MLflow Example - LLM - Databricks¶
In this tutorial we will use Giskard LLM Scan to automatically detect issues on a Retrieval Augmented Generation (RAG) task. For simplicity, we consider a simple langchain
model. Here’s a snapshot of the report that the integration can produce, but more on that later.
Question Answering over the IPCC Climate Change Report¶
In order to highlight the MLflow-Giskard integration and how it can help debug LLMs, we will walk through a practical use case of using the Giskard LLM Scan and the MLflow evaluate
API on a Retrieval Augmented Generation (RAG) task: Question Answering based on the 2023 Climate Change Synthesis Report by the IPCC.

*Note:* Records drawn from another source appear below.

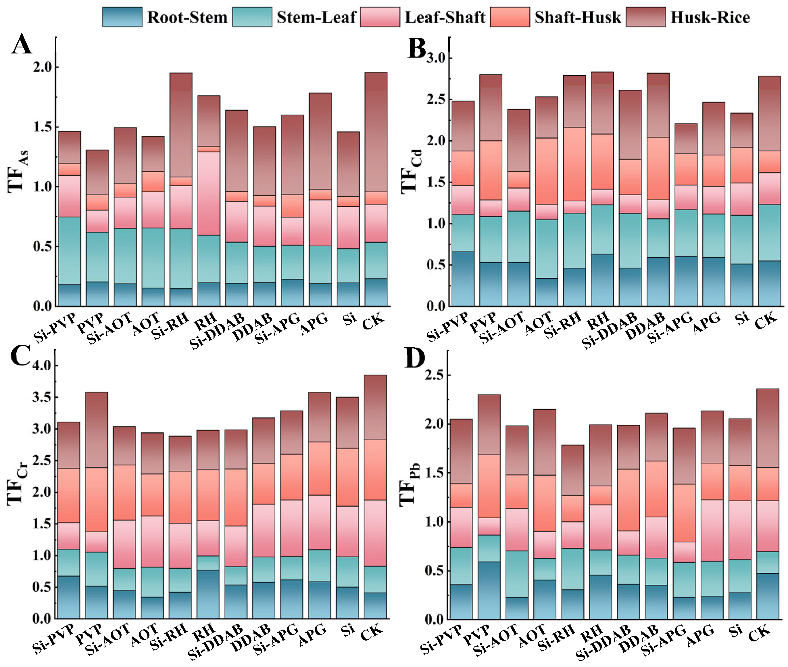 - Wang, H.C.; Liu, M.S.; Zhang, Y.; Jiang, Q.; Wang, Q.P.; Gu, Y.Q.; Song, X.P.; Li, Y.; Ye, Y.X.; Wang, F.B.; et al. Foliar spraying of Zn/Si affects Cd accumulation in paddy grains by regulating the remobilization and transport of Cd in vegetative organs. Plant Physiol. Biochem. 2024, 207, 108305. [Google Scholar] [CrossRef] [PubMed]
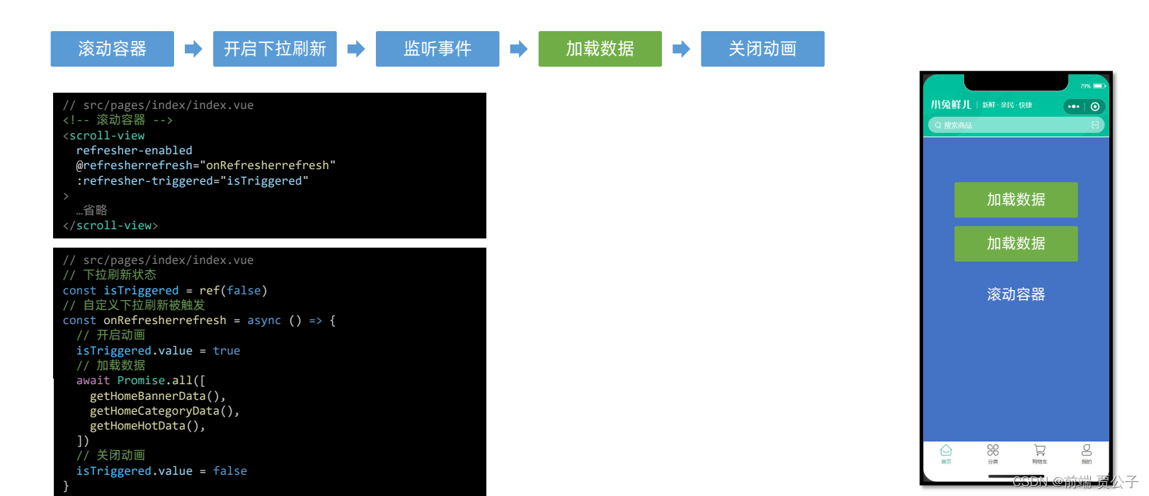 下拉刷新实际上是在用户操作下拉交互时 重新调用接口 ,然后将新获取的数据再次渲染到页面中。
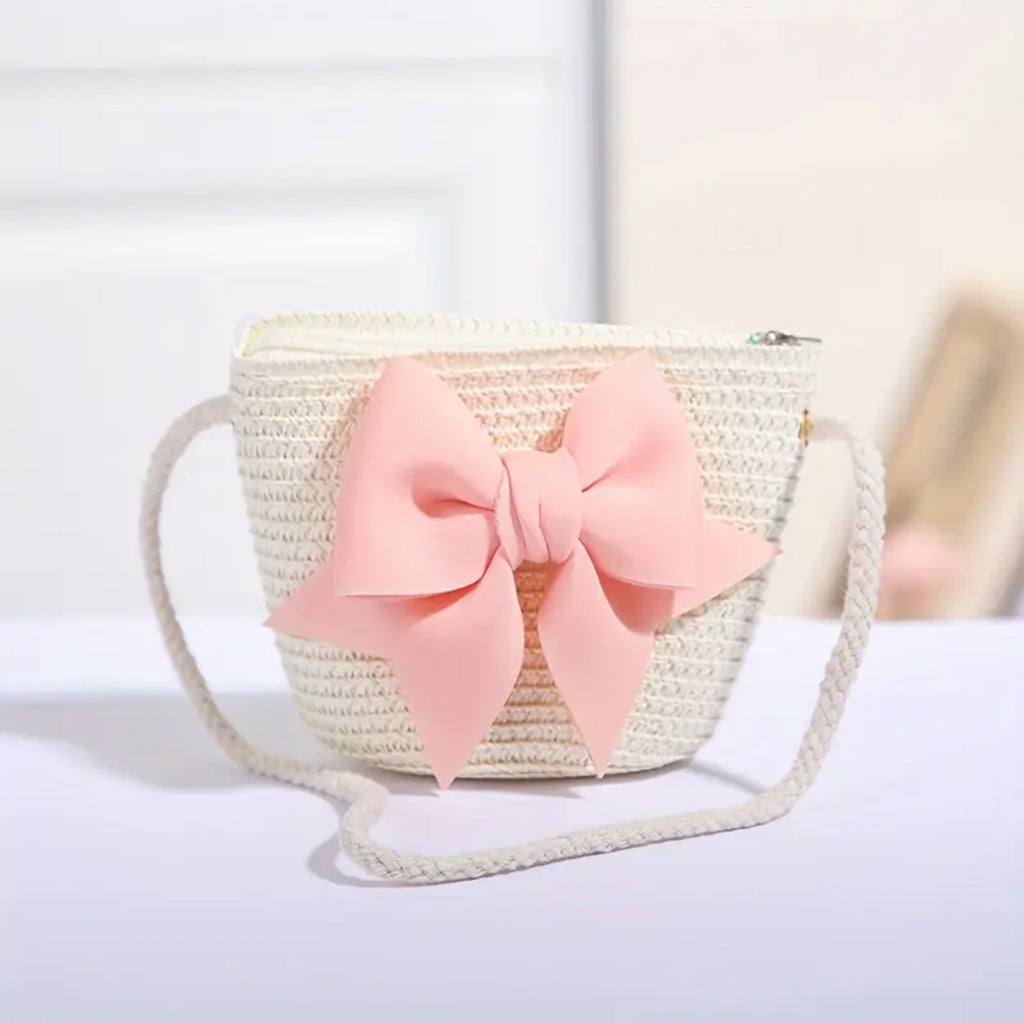 This handmade straw purse with a beautiful bow design is the perfect accessory for any little girl. Its neutral off-white and peach colors make it versatile and stylish.
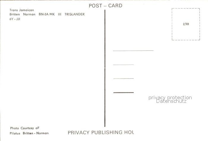 Flugzeuge Zivil Trans Jamaican Britten Norman BN-2A MK III Trislander 6Y-JJI postalisch nicht gelaufen Erhaltung siehe scans
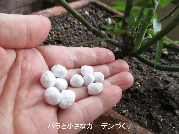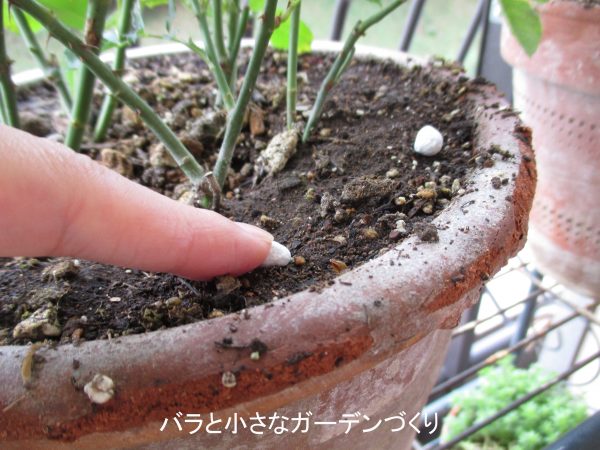 固形の化成肥料をやるときには、バラの株元から離して鉢の縁にバラして置くのが基本です。これは、濃い肥料成分が根を傷めるのを少しでも防ぐためです。ただし、マイローズばらの肥料は根を傷めないよう作られているので、株元に置いても問題ないようです。そこは使う肥料に沿った使い方をしてください。

In the following example, we illustrate the procedure using OpenAI Client that is the default one; however, please note that our platform supports a variety of language models. For details on configuring different models, visit our 🤖 Setting up the LLM Client page
By the end of this notebook, we should be able to achieve the following goals:
Evaluate the
langchain
models powered bygpt-3.5-turbo-instruct
(read this for details) andgpt-4
.Compare the results using the MLflow user-interface.
Prerequisites 🔧¶
To begin the setup, make sure to install the following packages:
[ ]:
%pip install mlflow "giskard[llm]" -q
[ ]:
%pip install langchain langchain-openai openai "pypdf<=3.17.0" faiss-cpu tiktoken pyngrok -q
After completing the installation process, you will be able to observe giskard as part of MLflow’s evaluators:
[ ]:
import mlflow
import giskard
mlflow.models.list_evaluators() # ['default', 'giskard']
Finally, let us configure the OpenAI ChatGPT API key:
[ ]:
import os
# See https://help.openai.com/en/articles/4936850-where-do-i-find-my-secret-api-key
os.environ['OPENAI_API_KEY'] = "sk-XXX"
Loading the IPCC report into a vector database¶
Let us start by processing the IPCC climate change report from a PDF into a vector database. For this, we first use the pypdf
library to load process the PDF into array of documents, where each document contains the page content and metadata with page number.
Second, we process these documents by the means of the RecursiveCharacterTextSplitter
, which takes a large text and splits it based on a specified chunk size. It does this by using a set of characters. The default characters provided to it are ["\n\n", "\n", " ", ""]
(see this article for more details).
Finally, we use the Facebook AI Similarity Search (FAISS), a library for efficient similarity search and clustering of dense vectors, to get the vector database. FAISS contains algorithms that search in sets of vectors of any size, up to ones that possibly do not fit in RAM. It also contains supporting code for evaluation and parameter tuning.
[ ]:
from langchain.vectorstores import FAISS
from langchain_openai import OpenAIEmbeddings
from langchain.document_loaders import PyPDFLoader
from langchain.text_splitter import RecursiveCharacterTextSplitter
# Load the IPCC Climate Change Synthesis Report from a PDF file
loader = PyPDFLoader(
"https://www.ipcc.ch/report/ar6/syr/downloads/report/IPCC_AR6_SYR_LongerReport.pdf"
)
# Split document
text_splitter = RecursiveCharacterTextSplitter(
chunk_size=1000,
chunk_overlap=100,
length_function=len,
add_start_index=True,
)
# Load the splitted fragments in our vector store
docs = loader.load_and_split(text_splitter)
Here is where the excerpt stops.